COVID Vaccine Hesitancy on YouTube

May 10, 2021

By Sam Clark, Mishaela Robison & Mark Ledwich

While more than half of the US adult population has received at least one dose of the COVID-19 vaccine, as many as 1 in 4 American adults do not intend to do so, with another 5% “uncertain.” This vaccine skepticism carries a potential consequence of continued community transmission and fatalities, as well endangering a return to normalcy.

Online content creators can be particularly impactful in shaping public opinion around vaccinations. Still, popularity and viewership do not equate infallibility: these users can spread harmful narratives as easily as positive. While most mainstream social media platforms have implemented policies to combat false information surrounding COVID-19, none have gone as far as removing personal expressions of vaccine hesitancy. However, this borderline content is likely increasing vaccine skepticism.

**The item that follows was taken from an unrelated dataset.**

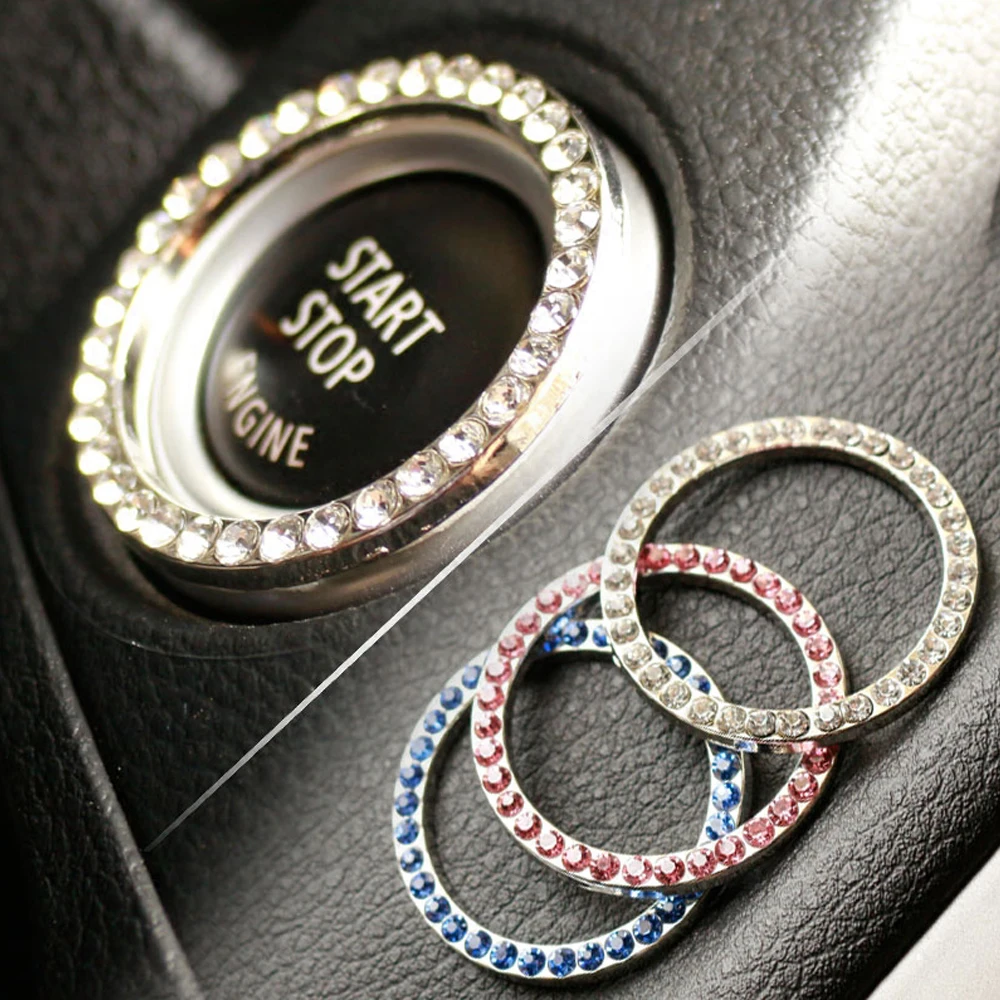 2Pcs Fashional Bling Car One-Key Engine Start Button Ignition Device Decorative Crystal Diamante Ring Sticker

Prior research has focused on skepticism regarding COVID-19 and mask wearing, however the widespread production of vaccines means that the spotlight must now shift to vaccine hesitancy. In this report we aim to identify cases where individuals on YouTube express vaccine hesitancy. Despite being harmful, the majority of these cases would not be appropriate to remove from the platform given their current guidelines. Nevertheless, we believe it’s important to measure the scale of this content as the narrative progresses. We believe this data will be beneficial to those working on campaigns targeting vaccine hesitancy, as well as ongoing vaccine mindset research.


Report highlights

  • We identified 3,634 videos uploaded between Jan 1st 2020 and May 1st 2021 (accounting for 72M views) in which individuals express vaccine hesitancy and COVID is discussed.
  • An interactive chart is available to explore these videos along a number of dimensions and learn more about individuals that are expressing vaccine hesitancy.
  • We provide a breakdown of the top 50 most subscribed YouTube creators that have expressed vaccine hesitancy.


Methodology

For this analysis, we operationalized “vaccine hesitancy” on video-based formats through three different conditions:

  1. Individuals saying that they (or their children) have refused vaccines in the past
  2. Individuals saying that they (or their children) will not be vaccinated in the future
  3. Individuals suggesting that others refuse vaccinations


Videos conveying vaccine hesitancy can be found in a wide variety of YouTube categories. Since Pendulum is still in the process of ramping up category coverage, we limit this analysis to the following channels:

  • 7,300 political and cultural channels from Transparency Tube all w/ 10K+ subscribers
  • 10,000 English language channels with at least 1M+ subscribers
  • Other channels discovered in Reddit and Parler posts containing COVID keywords


From these channels we have caption data for 14M videos, which we split into  205M “snippets” (short sections of captions that are ~100 tokens long). In order to limit the amount of caption data that needs to be processed, we limit ourselves to the following set of videos and snippets:

  • Videos uploaded between Jan 1, 2020 and May 1, 2021 that include one or more reference to COVID in their captions.
  • Caption snippets that contain the pronoun “I” and some form of the word “vaccine”.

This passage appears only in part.